Nella produzione musicale di questo gruppo – specialmente in
quella dei primi anni - troviamo brani di esplicita adesione alla
fede cristiana. È il caso per esempio di Gloria: "But
only in you I'm complete. Gloria, in Te Domine, Gloria, exultate!
Oh Lord, loosen my lips I try to sing this song. I try to get in,
but I can't find the door. The door is open. You're standing there,
Let me in. Gloria, Gloria! Oh Lord, if I have anything, anything at
all, I'll give it to you": solo in te io sono realizzato. Gloria
in Te, Signore, Gloria, esultate! O Signore, libera le mie labbra.
Io provo a cantare questa canzone, io provo ad entrare, ma non riesco
a trovare la porta. La porta è aperta. Tu stai lì, fammi
entrare. Gloria, gloria! O Signore, se io avessi qualsiasi cosa la
darei a Te.
Una fede esplicita è evidente anche in "40", una
canzone che riprende le parole del Salmo 40: " I waited patiently
for the Lord He inclined and heard my cry. He brought me right out
of the pit, out of my reglade. I will sing a new song, How long to
sing this song? He set my feet upon a rock, and made my footsteps
heard. Many will see, Many will see and fear. I will sing, sing a
new song. How long to sing this song?": ho atteso con pazienza
il Signore Lui si è chinato ed ha udito il mio lamento Allora
mi ha preso e mi ha condotto a sè fuori dall'inferno Lontano
dalle sabbie mobili. E io canterò, canterò una nuova
canzone E io canterò, canterò una nuova canzone Per
quanto ancora dovrò cantare questa? Poi Egli mi ha indicato
la via della roccia E ha donato fermezza ai miei passi Molti vedranno,
molti vedranno e potranno udire. Io canterò, canterò
una nuova canzone, io canterò, canterò una nuova canzone,
per quanto ancora dovrò cantare questa?.
Anche nella famosa Pride, dedicata a Martin Luther King, troviamo
un richiamo alla figura di Gesù Cristo: "One man come
in the name of love, one man come and go, one man come he to justify,
one man to overthrow. In the name of love, what more in the name of
love. In the name of love!": un uomo viene nel nome dell’amore,
un uomo viene e va, un uomo viene per giustificare, un uomo per rovesciare.
Nel nome dell’amore, proprio nel nome dell’amore.

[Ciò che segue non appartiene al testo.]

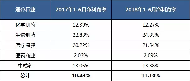 从细分行业赚钱能力来看,最强的是生物制药,连续两年净利润率均在22%以上,2018年更是大幅增长至近25%。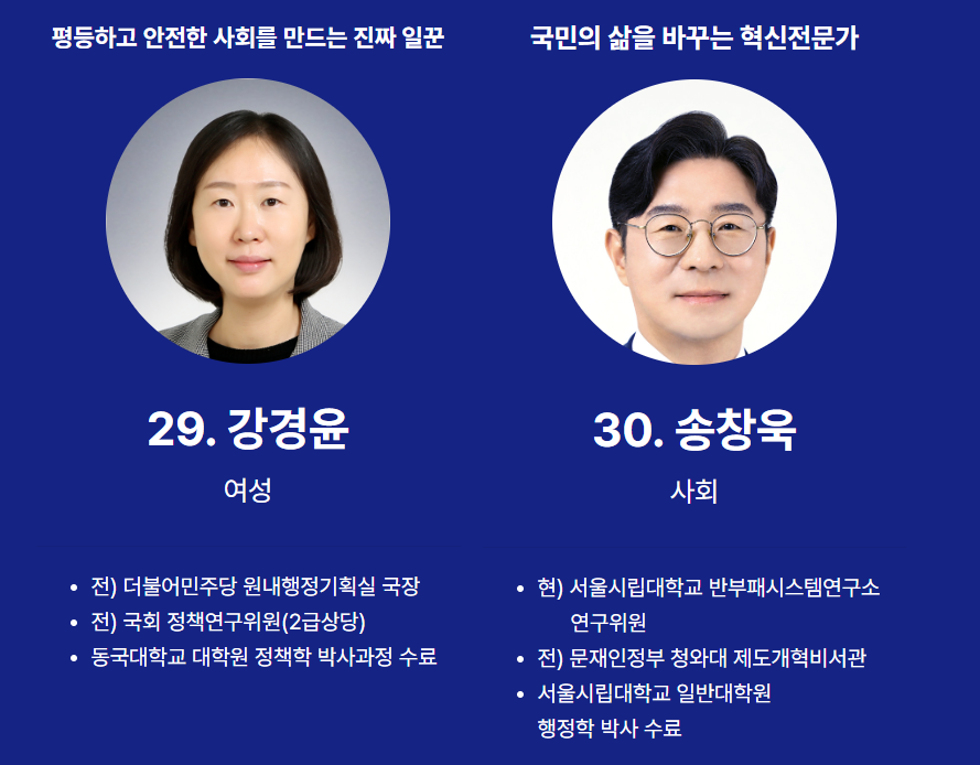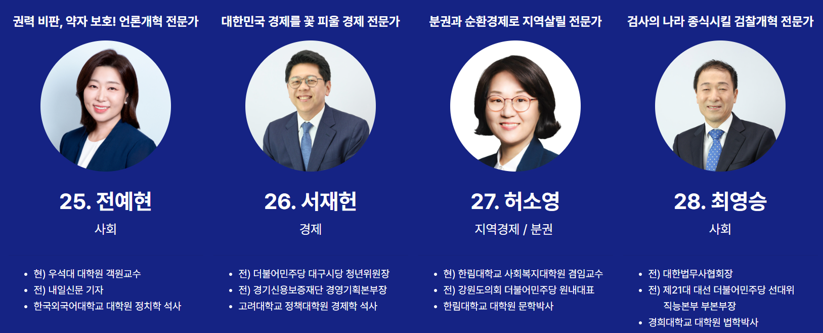 순번25번은 전예현 전 한국여성수련원장입니다. 순번26번은 서재헌 전 민주당 대구시당 청년위원장입니다. 순번27번은 허소영 전 강원도의원입니다. 순번28번은 최영승 전 대한법무사협회 회장입니다.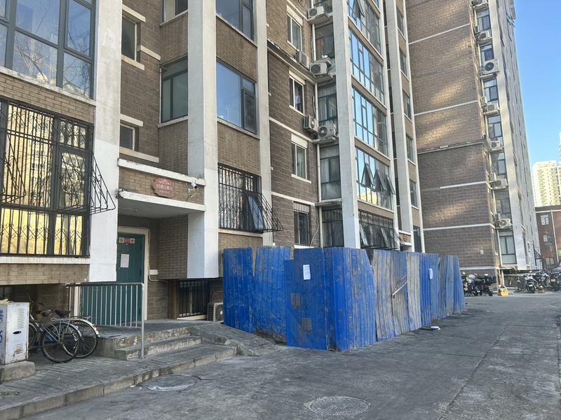 天通中苑65號樓前,起火處已立起施工圍擋。受訪者供圖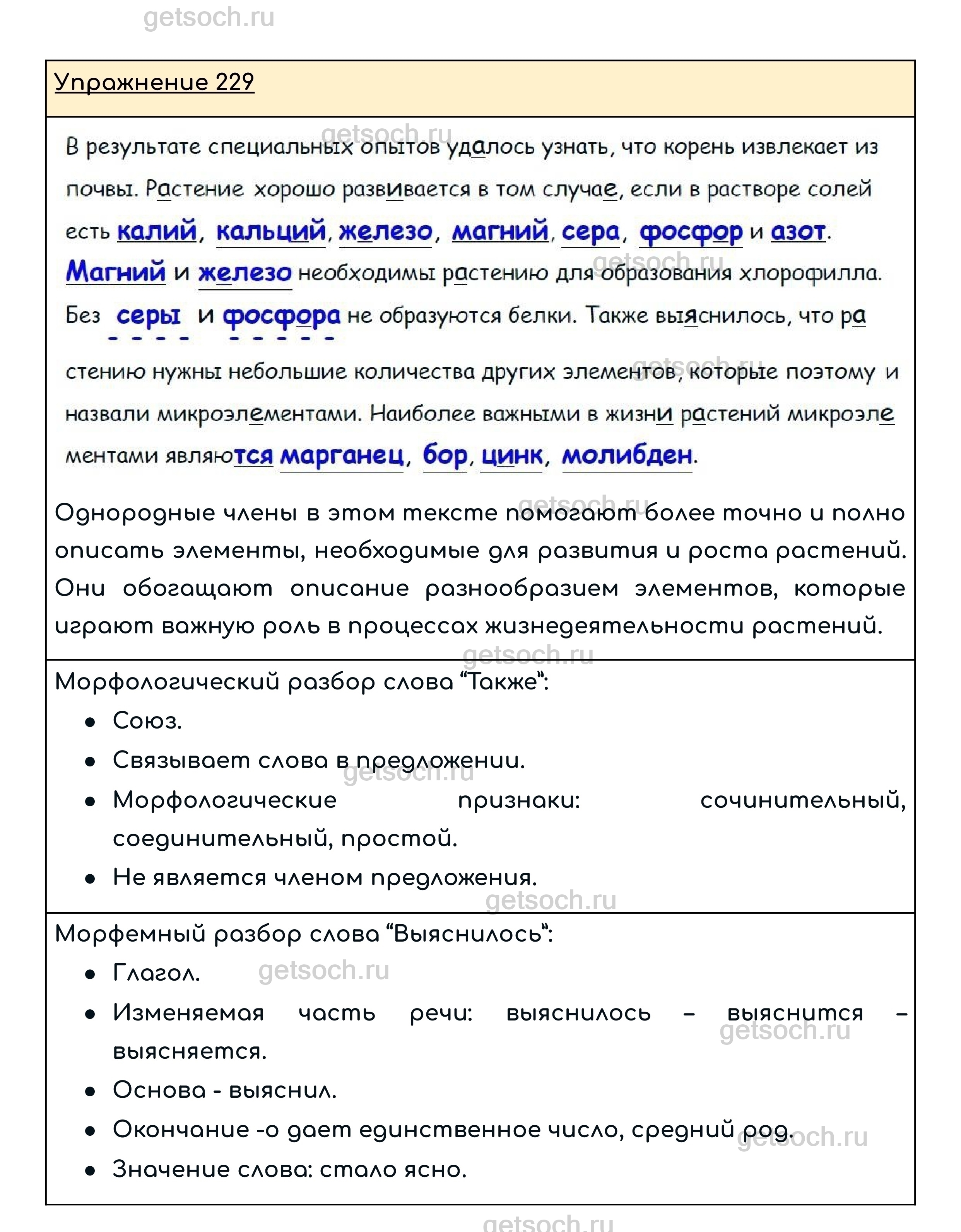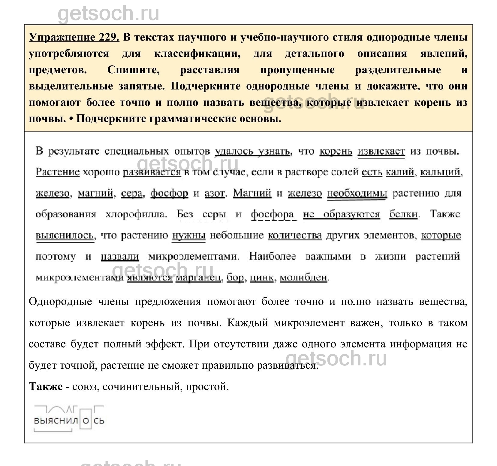 Упражнение 229. В текстах научного и учебно-научного стиля однородные члены употребляются для классификации, для детального описания явлений, предметов. Спишите, расставляя пропущенные разделительные и выделительные запятые. Подчеркните однородные члены и докажите, что они помогают более точно и полно назвать вещества, которые извлекает корень из почвы. • Подчеркните грамматические основы.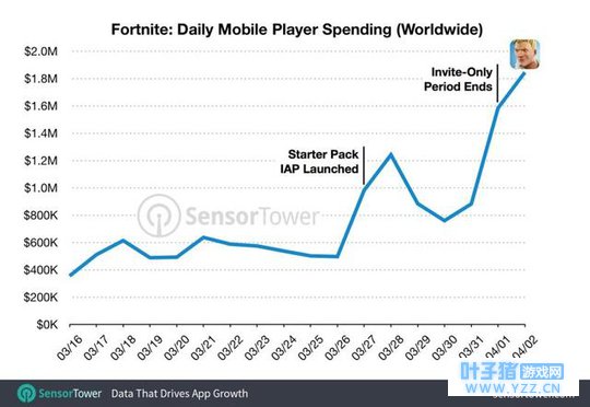 《堡垒之夜》手游下载量超1100万次,首月收入1500万美元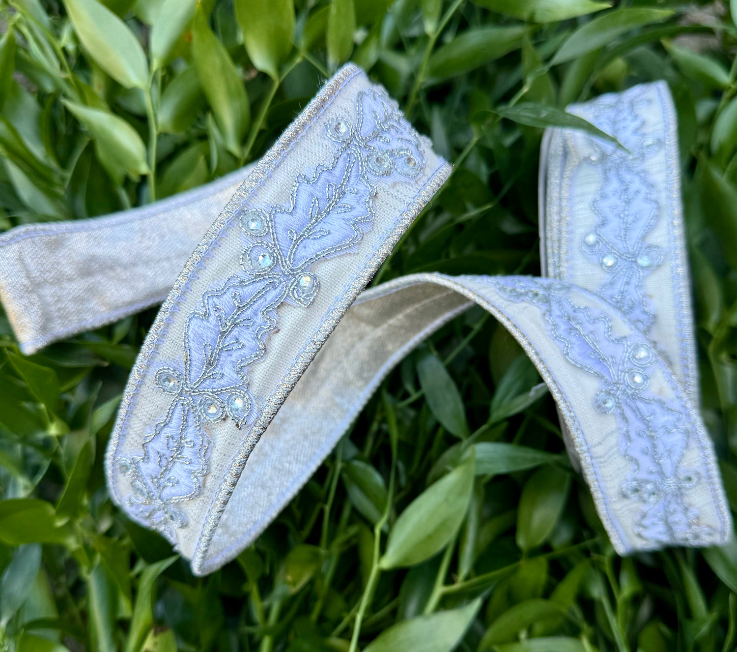 JME Heavy Wired Ribbon. Embroidered Holly on white Plaid with Metallic Back SILVER Ribbon 1.5"x10YD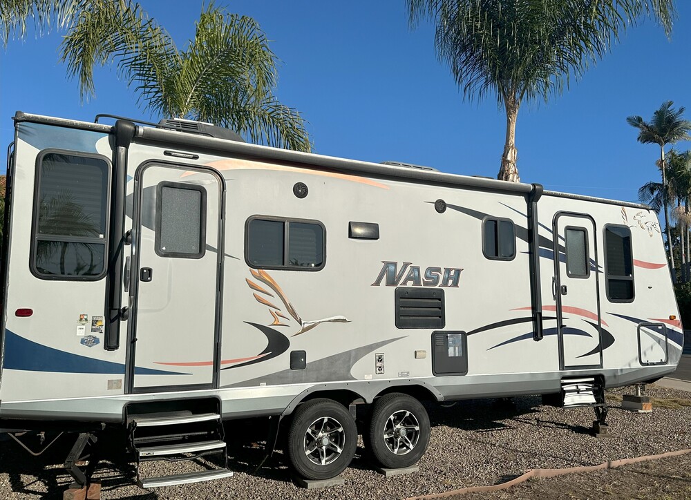 4 Season trailer with "Rear Window living" and double pane windowsFront Queen master with upgraded mattress, underbed storageSleeps 61 power retractable slide outPower retractable awningIncludes tow hitch, sway bars and stabilizersNew Interstate batteries, New smoke/carbon monoxide detectorsCustom cabinet detailBooth dinette, center kitchen, 3 burner stove, microwave, mid-size refrigeratorAll original manuals includedThe 2018 Northwood Mfg Nash 26N has a spacious layout with large windows, 3 ceiling vents with fans; solar panel, lots of storage options including overhead cabinets, under-bed storage, and a wardrobe closetThe bathroom is a walk-through layout with a skylight in the shower See link below for more details: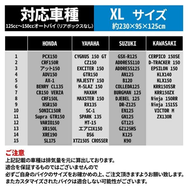 XL:125cc〜150ccオートバイ(リアボックスなし)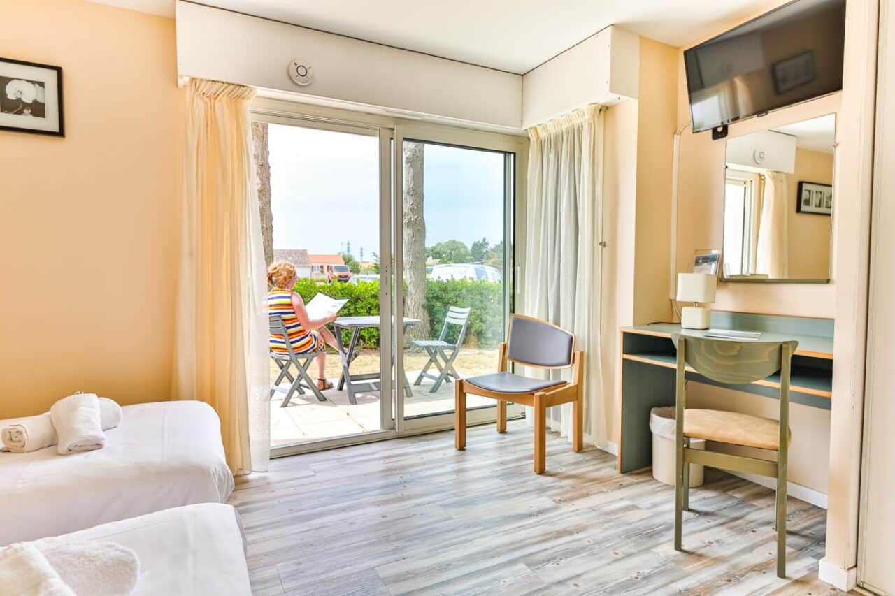 La détente et le repos sont des composantes essentielles pour des vacances réussies. C’est pourquoi nous vous accueillons à Saint-Jean-de-Monts en Vendée dans un club de vacances à taille humaine avec des chambres confortables. Réparties entre deux espaces, « Le Logis » et « Le Patio », chaque chambre dispose d’une salle de bain privative avec douche et d’une télévision. Le wifi est disponible gratuitement dans toute l’enceinte du village club. Au sein de chaque espace, certaines chambres sont à l’étage, accessibles par ascenseur. Selon vos besoins, nous disposons de 3 types de chambres.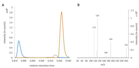 Gas chromatogram (A) of the SIM lanes for the quantifier ions of 3-OMe-hexose (blue) and 4-OMe-hexose (orange) and the unknown peak (grey). The retention time was calculated relative to the quantifier ion (m/z = 168) of myo-inositol. (B) shows the mass spectrum for the unknown peak.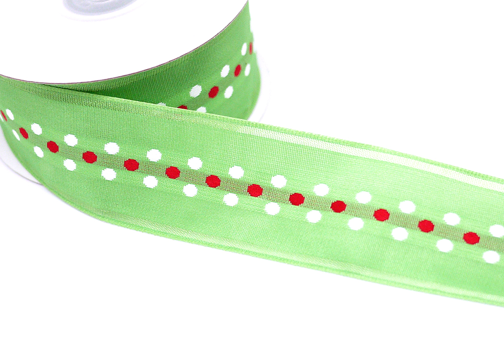 Questa serie è un nastro da 1-1/2 pollici con 2 colori di pois intrecciati al centro.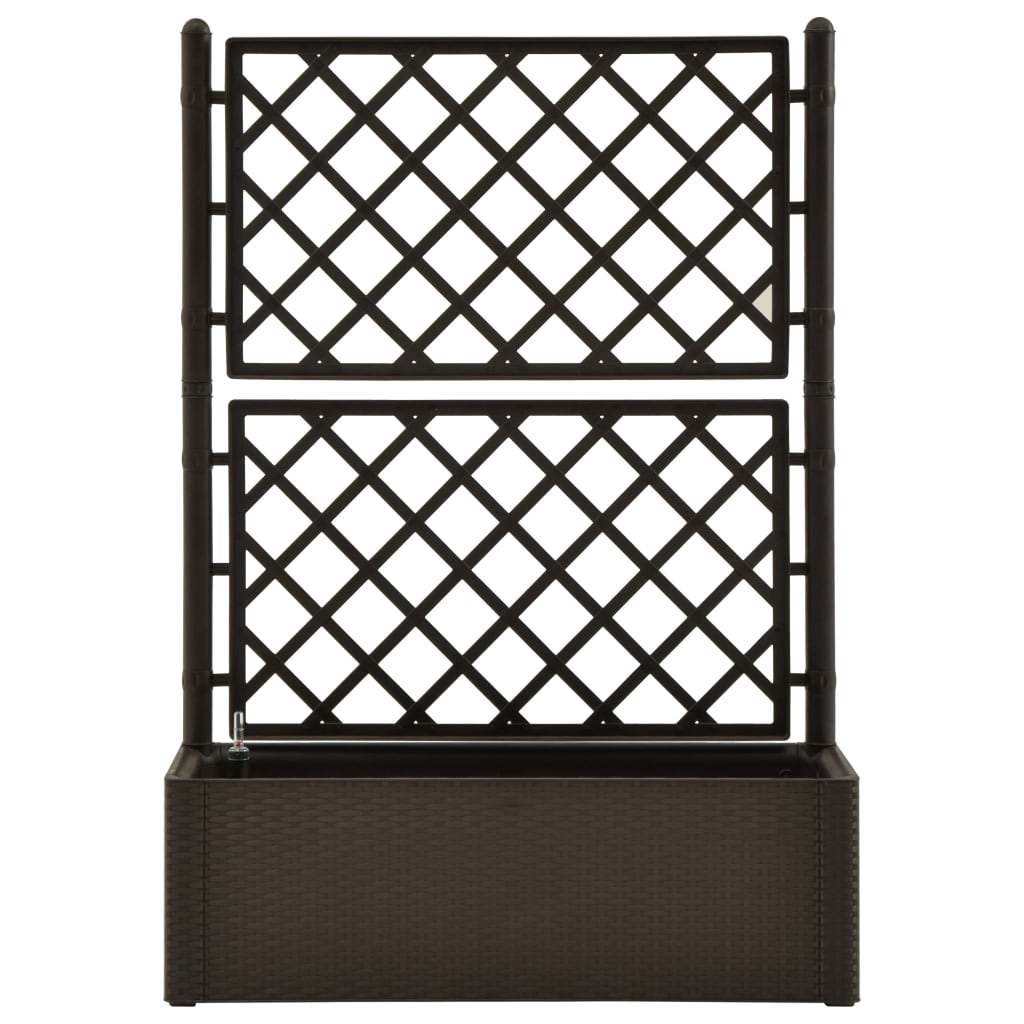 Schaffen Sie einen schönen Hingucker mit diesem eleganten, funktionalen und einzigartigen selbstbewässernden Hochbeet! Dieser Spalier-Pflanzkübel hat einen großen Blumenkasten, der eine große Anzahl grüner Pflanzen und Blumen aufnehmen kann. Das eingebaute Spalier bietet eine hervorragende Stütze für Kletterpflanzen wie Kräuter, Tomaten, Bohnen usw. Es besteht aus robustem UV-, wetter- und frostbeständigem Kunststoff und ist für den Innen- und Außenbereich geeignet. Das Design ähnelt einer täuschend realen Rattanstruktur. Das Material ist waschbar und leicht zu reinigen. Darüber hinaus kann diese Box Pflanzen automatisch gießen, indem sie Feuchtigkeit aus ihrem 90-l-Wasserreservoir ableitet, und verfügt über Wasserüberlauflöcher, um ein Überwässern zu verhindern. Die Füllstandsanzeige ist enthalten.

In Drowning Man troviamo una religiosità intensa, anche se
non specificamente cristiana: "Take my hand, You know I'll be
there If you can I'll cross the sky for your love. For I have promised
for to be with you tonight and for the time that will come":
Prendi la mia mano Sai che ci sarò; se tu riuscirai, attraverserò
Il cielo per il tuo amore: ho promesso di esserti accanto questa sera
e per i tempi che verranno.
Infine – ma l’elenco potrebbe continuare – nella
celebre Sunday bloody Sunday, appassionata riflessione sugli orrori
del terrorismo in Irlanda, si afferma che a dispetto di una violenza
che sembra invincibile c’è proprio Gesù Cristo
che è venuto a proclamare la vittoria dell’amore: "The
real battle just begun, to claim the victory Jesus won on a sunday,
bloody sunday sunday, bloody sunday": la vera battaglia è
appena cominciata, Gesù vinse per proclamare la vittoria in
una domenica, insanguinata domenica.
Siamo dunque di fronte ad un rapporto significativo di questo gruppo
di musicisti con l’evento cristiano, almeno nella produzione
degli anni ottanta; e tuttavia non può non balzare agli occhi
anche in questo caso una determinante riduzione di questo evento nei
termini già sopra incontrati. È evidente infatti che
la persona di Cristo è ancora una volta considerata senza alcun
riferimento con quella realtà umana concreta attraverso cui
si realizza la sua continuità nella storia, e cioè la
Chiesa o comunità dei credenti. Mancando questa realtà
la fede in Cristo rimane come sospesa in un vuoto insuperabile: esercita
un inevitabile fascino, ma rimane lontana, a lato della vita ‘normale’.
Così si ripropone quel dualismo esistenziale che caratterizza
tutta la cultura moderna: da una parte una certa dimensione "religiosa"
in cui spicca la figura di Cristo come la più significativa
ma completamente spiritualizzata; dall’altra la dimensione della
"vita reale" con i problemi, le ansie, i desideri, le esperienze
di ogni giorno. E inevitabilmente un Cristo così spiritualizzato
può anche essere sinceramente venerato, ma non è riconosciuto
come la risposta reale ai problemi e alle domande della vita reale.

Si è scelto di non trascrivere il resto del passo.